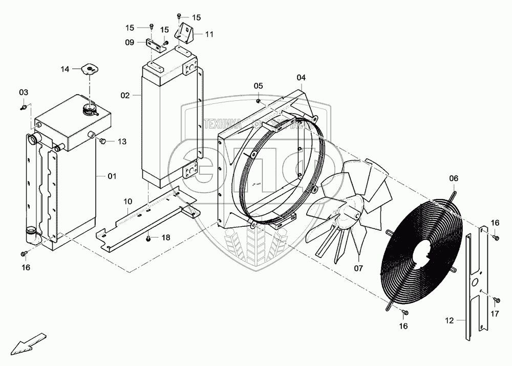 Каталог запасных частей к технике: DYNAPAC Dynapac F1200CS/CS. Water oil cooler
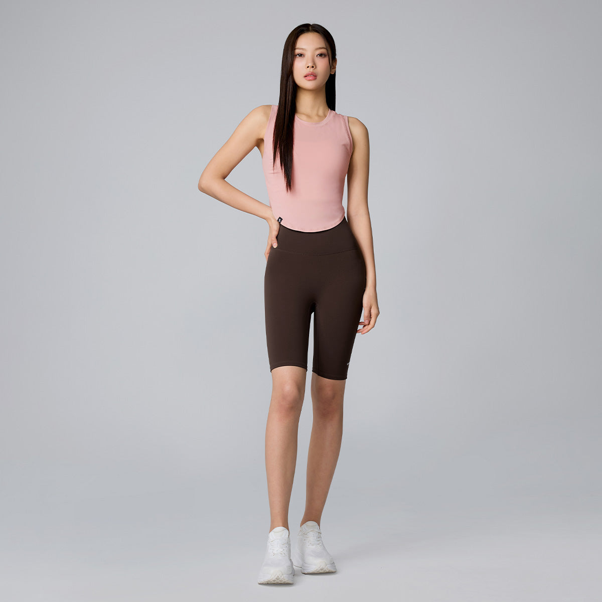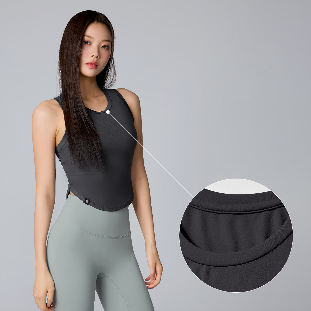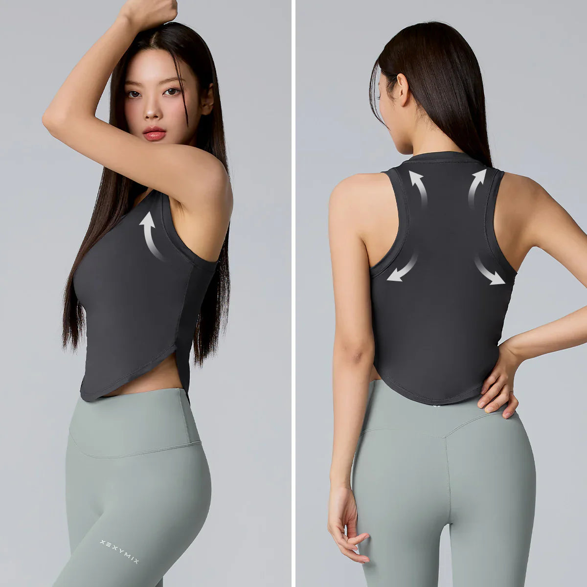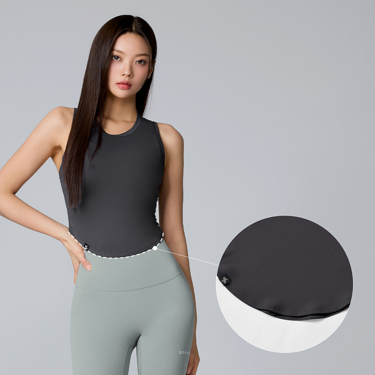 The hem is shaped with a subtle curve and shorter sides, creating a slimming effect on the waistline.
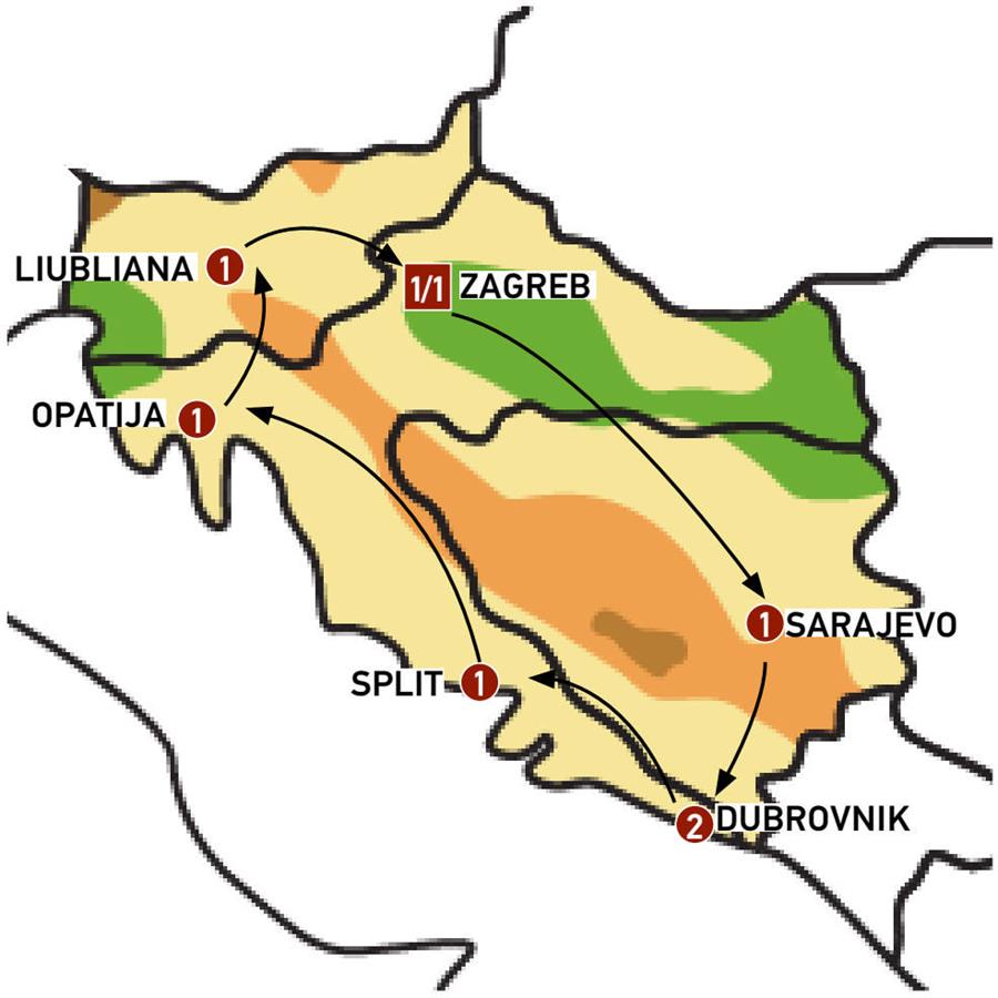 Zagreb, Banja Luka, jajce, Sarajevo, Mostar, Dubrovnik, Ston, Split, Plitvice, Opatija, postjona, Bled, Liubliana, Maribor.
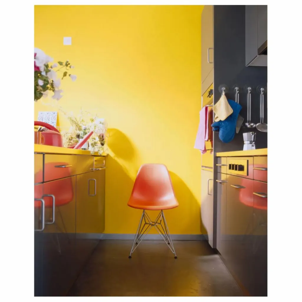 La chaise DSR (Dining Height Side Chair Rod Base) est réputée pour son piètement de type « tour Eiffel », une caractéristique emblématique qui allie élégance, légèreté et rigueur structurelle. Ce piètement, fabriqué en fil d’acier, est une construction complexe et gracieuse qui confère à la chaise un caractère distinctif tout en assurant sa fonctionnalité. Inspiré par l’architecture iconique de la tour Eiffel, ce design moderne offre à la fois une esthétique contemporaine et une solidité remarquable, ce qui en fait un choix prisé dans de nombreux espaces contemporains.
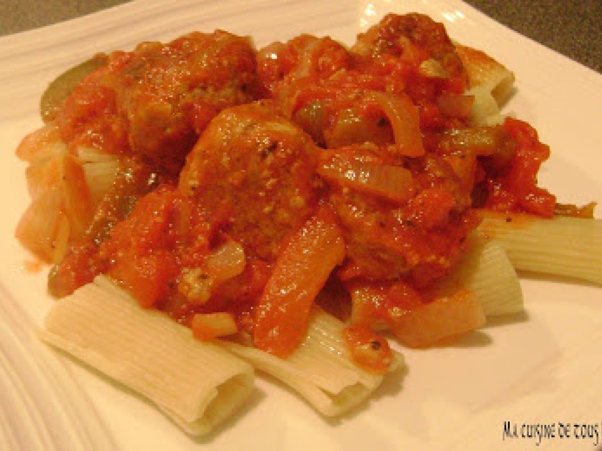 Les boulettes sont tout simplement d-é-l-i-c-i-e-u-s-e et que dire de la sauce! J'y ait rajouté du parmesan râpé et hmmm, un vrai délice!
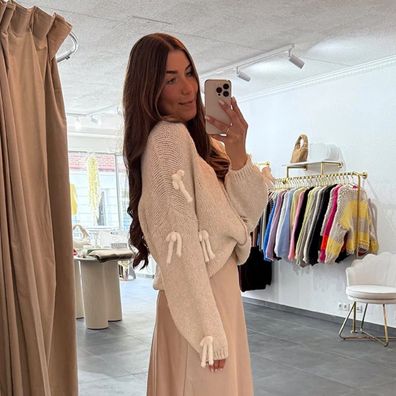 • Strickjacke Damen Cardigan mit Schleifen „Anna“ Creme Onesize XS-XL Frauen Frau
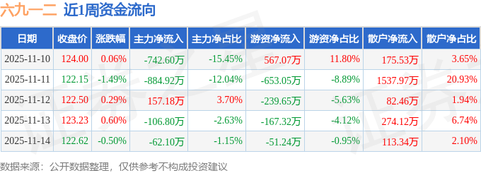资金流向数据方面,本周六九一二主力资金合计净流出1639.25万元,游资资金合计净流出544.18万元,散户资金合计净流入2183.43万元。本周资金流向一览见下表:

● Your goal: Would you copy every entry exactly as it stands, leaving out the pictures?

● Task result:
 Каталог запасных частей к технике: DYNAPAC Dynapac F1200CS/CS. Water oil cooler
 The hem is shaped with a subtle curve and shorter sides, creating a slimming effect on the waistline.
 Zagreb, Banja Luka, jajce, Sarajevo, Mostar, Dubrovnik, Ston, Split, Plitvice, Opatija, postjona, Bled, Liubliana, Maribor.
 La chaise DSR (Dining Height Side Chair Rod Base) est réputée pour son piètement de type « tour Eiffel », une caractéristique emblématique qui allie élégance, légèreté et rigueur structurelle. Ce piètement, fabriqué en fil d’acier, est une construction complexe et gracieuse qui confère à la chaise un caractère distinctif tout en assurant sa fonctionnalité. Inspiré par l’architecture iconique de la tour Eiffel, ce design moderne offre à la fois une esthétique contemporaine et une solidité remarquable, ce qui en fait un choix prisé dans de nombreux espaces contemporains.
 Les boulettes sont tout simplement d-é-l-i-c-i-e-u-s-e et que dire de la sauce! J'y ait rajouté du parmesan râpé et hmmm, un vrai délice!
 • Strickjacke Damen Cardigan mit Schleifen „Anna“ Creme Onesize XS-XL Frauen Frau
资金流向数据方面,本周六九一二主力资金合计净流出1639.25万元,游资资金合计净流出544.18万元,散户资金合计净流入2183.43万元。本周资金流向一览见下表:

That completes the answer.